When all the phones had been collected, including the conference speaker-microphone in the center of the table, Jack wrapped them in someone's suit coat and tossed them out into the hall.

"Now," he said, tugging the Ziploc of Berzerk from his pocket and sliding it across the table to Brad. "Put a handful of that in each of the glasses."

The look on Brad's face left no doubt about his familiarity with the powder.

"W-why?"

"Just do it."

Brad's hand was shaking like a wino with the DTs, but he managed to get the job done.

"Now fill each glass halfway with water and pass them around."

A minute later, each of the four men had a glass of blue-tinged fluid before him.

"Bottoms up, gentlemen," Jack said.

Mr. Sweaty got sweatier. "No," he said shaking his head and staring at the glass like he'd been poured a shot of battery acid. "It'll kill us."

"Yeah, well, you gotta go sometime. Drink up; then I'm gone."

Dragovic snorted derisively, raised his glass as if he were toasting the room, and chugged the Berzerk. Then he hurled the glass across the table at Monnet, missing him by inches.

"I can't!" Brad wailed.

Jack put a bullet into the mahogany tabletop directly in front of Brad. The three executives all but jumped out of their seats; Dragovic was cool, though. Barely blinked. Under different circumstances, Jack could have almost liked him.

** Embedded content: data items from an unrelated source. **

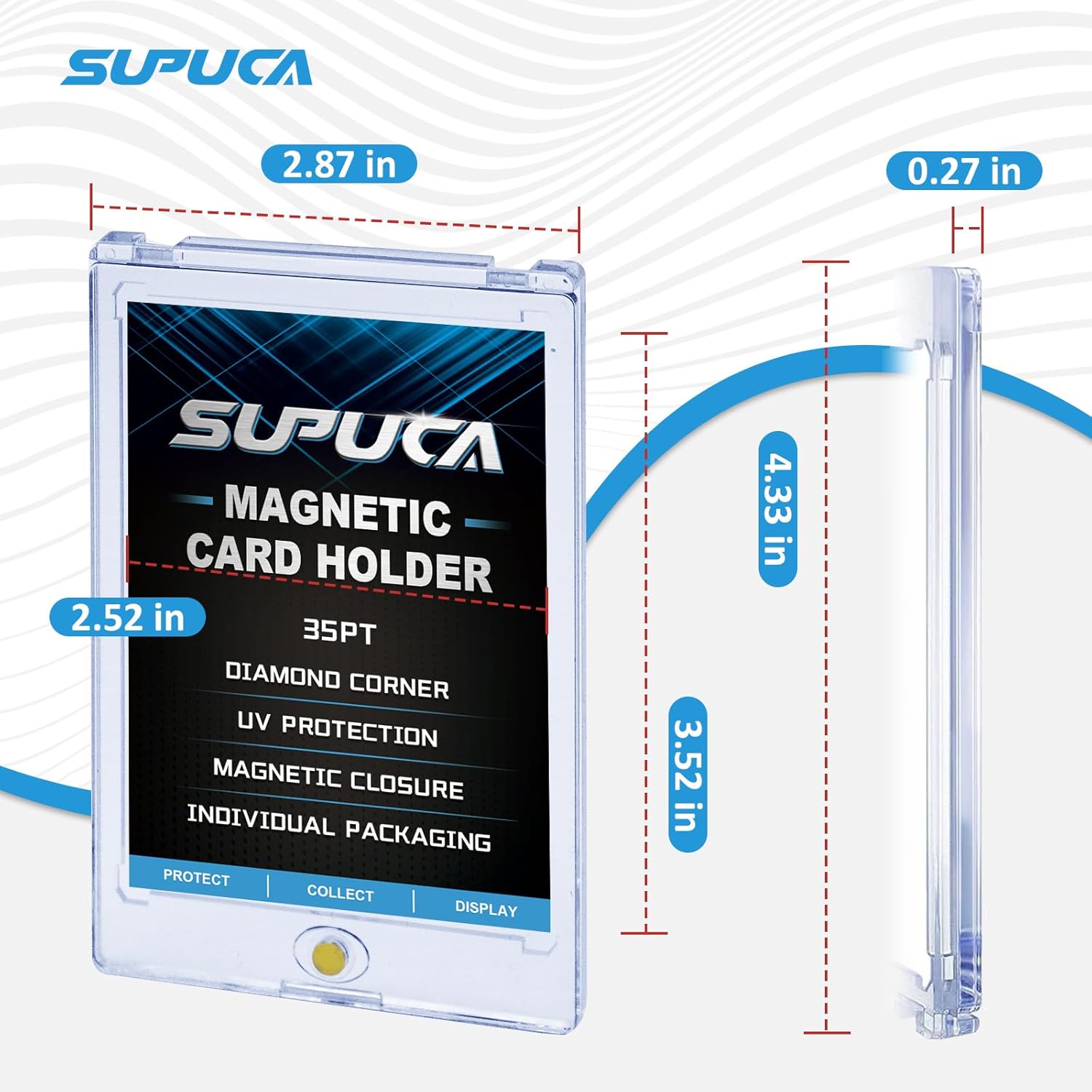 - Package Includes: 100 pack of 35pt magnetic card holders, measure 4.33"L x 2.87"W outside and 3.52"L x 2.52"W inside, sized to fit standard size (2.5" x 3.5") trading cards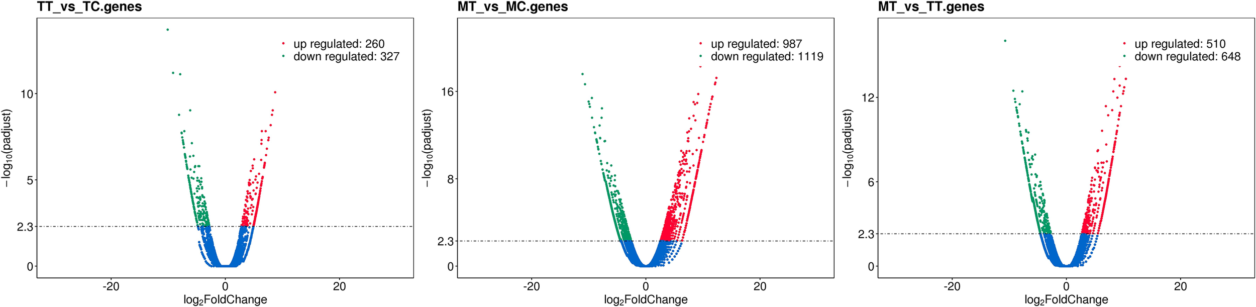 Volcano plots of DEGs in the pairwise comparisons and pathway enrichment. (A) Volcano plot of DEGs in the TT vs. TC comparison. Green dots represent genes upregulated in Turpentine Treated. Red dots represent genes upregulated in Turpentine Control. (B) Volcano plot of DEGs in the MT vs. MC comparison.Green dots represent genes upregulated in Mylepelian Treated. Red dots represent genes upregulated in Mylepelian Control. (C) Volcano plot of DEGs in the MT vs. TT comparison.Green dots represent genes upregulated in Mylepelian Treated. Red dots represent genes upregulated in Turpentine Treated. x-axis: fold change in gene expression between different samples; y-axis: statistical significance of the differences represented by red dots.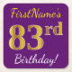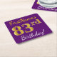 Posavasos Cuadrado De Papel Purple, Faux Gold 83rd Birthday + Custom Name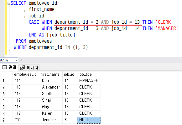 , CASE WHEN department_id = 3 AND job_id = 13 THEN 'CLERK'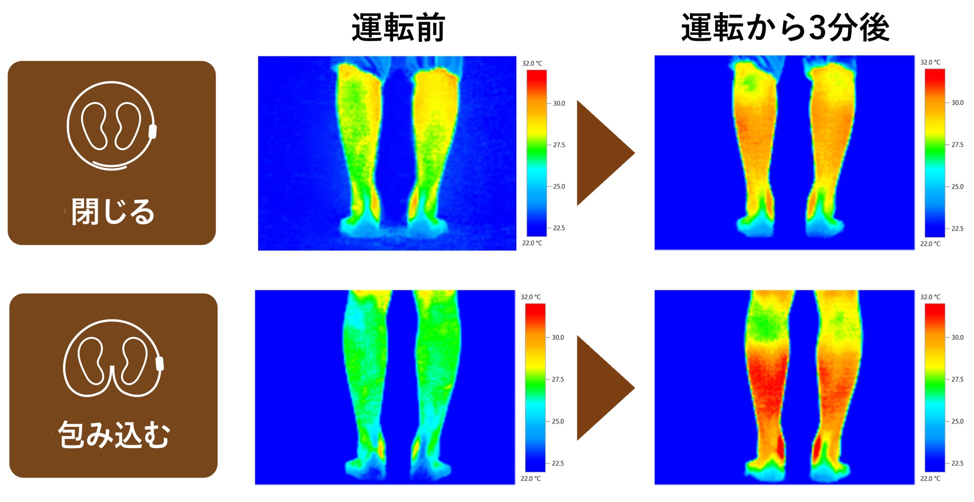 同条件下で3分間使用した場合、閉じたときはほどよく温めることができ、片足ずつ包み込んだときは、ふくらはぎや足首を中心に両足を効率的に温めることができます。このように、本体の形状を変えることで、足元を好みの温め方に調節することが可能です。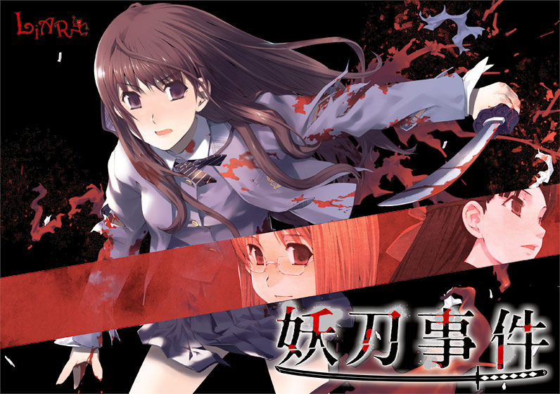 憑かれたように、死体に突き刺さる刀に触れる主人公。

"I don't have time for this, so I'll tell you that we can do this two ways: you can swallow it, or I can shoot you in the gut and pour it in."

Mr. Sweaty drank his. He looked sick when he set his empty back on the mahogany. Brad choked halfway through his, and for a second or two Jack was afraid he was going to blow it all over the table, but he kept it down.

Monnet was the last. "Do you have any idea what this will do to us?"

"Firsthand. I got the dose you or Dragovic set up for Nadia."

"I have never heard of this Nadia," Dragovic said. "Who is she? Should I know her?"

"Then it was you," Jack said, staring hard into Monnet's eyes. He wanted so much to hurt this man. Instead he held up his free hand, the leather-clad thumb and index finger a hair apart. "This morning I came this close to hurting two people very dear to me because of you. I think you'd better drink up."